The listing is to be reproduced exactly, excluding its pictures.

DATA:
=== Begin Enclosure ===

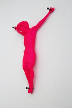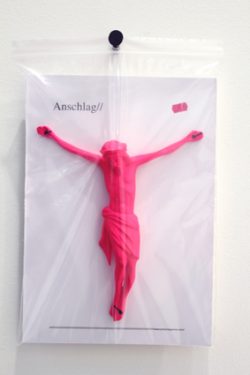 Kruzifix-Bausatz: ein Kreuz, eine neon-pinke Jesus-Figur, drei Nägel Als „massenkonfektionierte Fast-Food-Variante“ ist der Anschlag auch ohne Kreuz, aber getütet, „von der Stange“, zu haben.
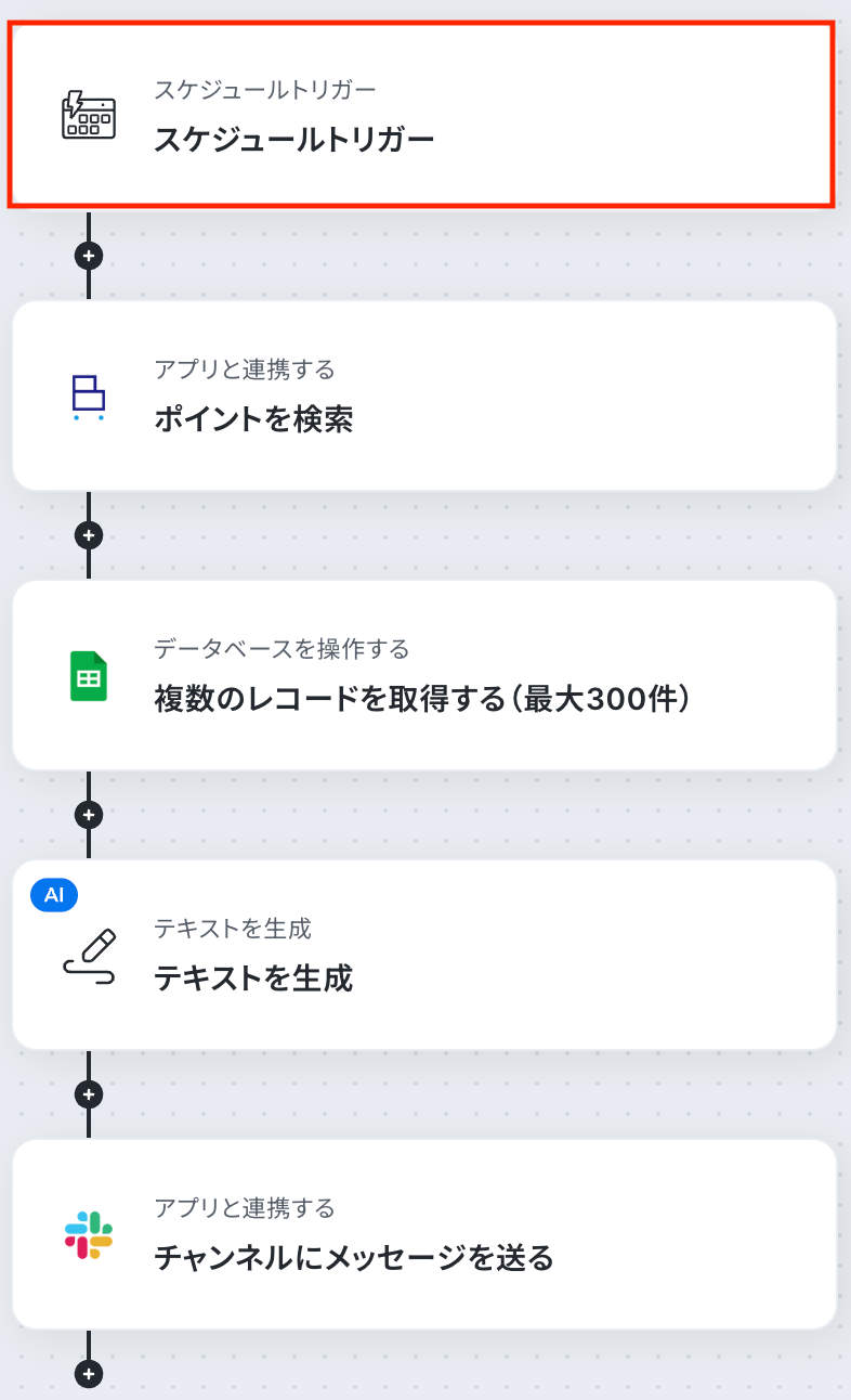 スケジュールトリガーの設定については、以下のヘルプページをご確認ください。
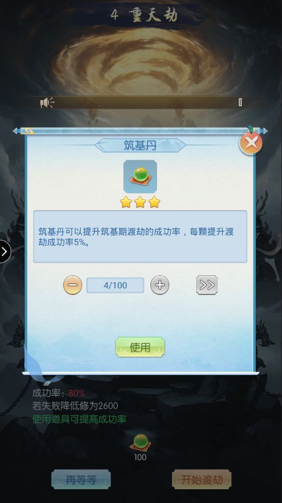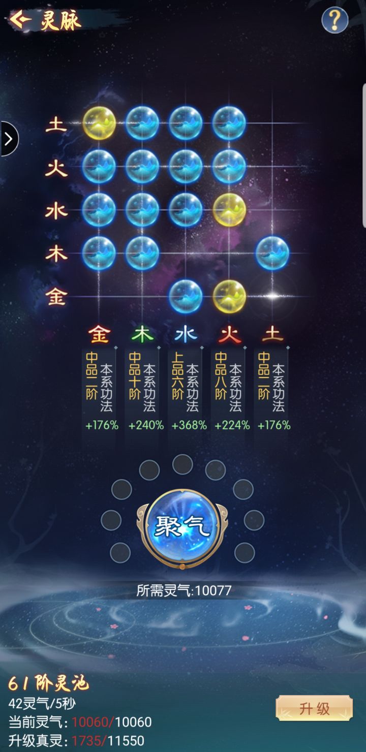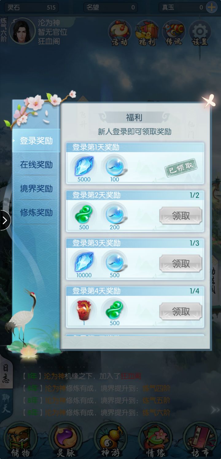 一、渡劫:打坐可获取修为,当修为满足后即可进行渡劫,渡劫有一定成功率,失败时会扣除部分修为,但通过丹药可提升渡劫成功率,顺利渡劫后则可提升境界等级,开放更多功能玩法。二、淬体:通过神游获得气力值后可淬体提升肉体等级,肉体等级越高,角色防御属性越强,战斗时概率获得的‘金钟罩’护盾值越高。三、灵脉:灵脉等级越高产生灵气的速率越快,可储存的灵气上限也越高,灵气可以用来提升灵根及仙法等级,使仙法所加属
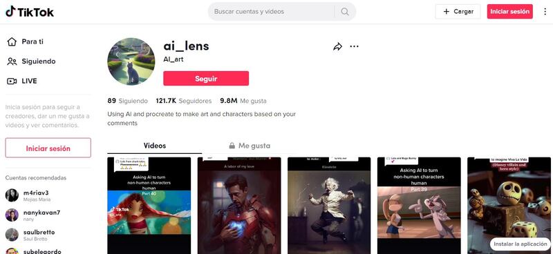 Ai_Lens cuenta con 121.7 mil seguidores, acumulando 9.8 millones de Me Gusta. En su bio explica: “Uso IA y Procreate para hacer arte y personajes basados en sus comentarios”.

=== End Enclosure ===

RESPONSE TO THE EXERCISE:
 Kruzifix-Bausatz: ein Kreuz, eine neon-pinke Jesus-Figur, drei Nägel Als „massenkonfektionierte Fast-Food-Variante“ ist der Anschlag auch ohne Kreuz, aber getütet, „von der Stange“, zu haben.
 スケジュールトリガーの設定については、以下のヘルプページをご確認ください。
 一、渡劫:打坐可获取修为,当修为满足后即可进行渡劫,渡劫有一定成功率,失败时会扣除部分修为,但通过丹药可提升渡劫成功率,顺利渡劫后则可提升境界等级,开放更多功能玩法。二、淬体:通过神游获得气力值后可淬体提升肉体等级,肉体等级越高,角色防御属性越强,战斗时概率获得的‘金钟罩’护盾值越高。三、灵脉:灵脉等级越高产生灵气的速率越快,可储存的灵气上限也越高,灵气可以用来提升灵根及仙法等级,使仙法所加属
 Ai_Lens cuenta con 121.7 mil seguidores, acumulando 9.8 millones de Me Gusta. En su bio explica: “Uso IA y Procreate para hacer arte y personajes basados en sus comentarios”.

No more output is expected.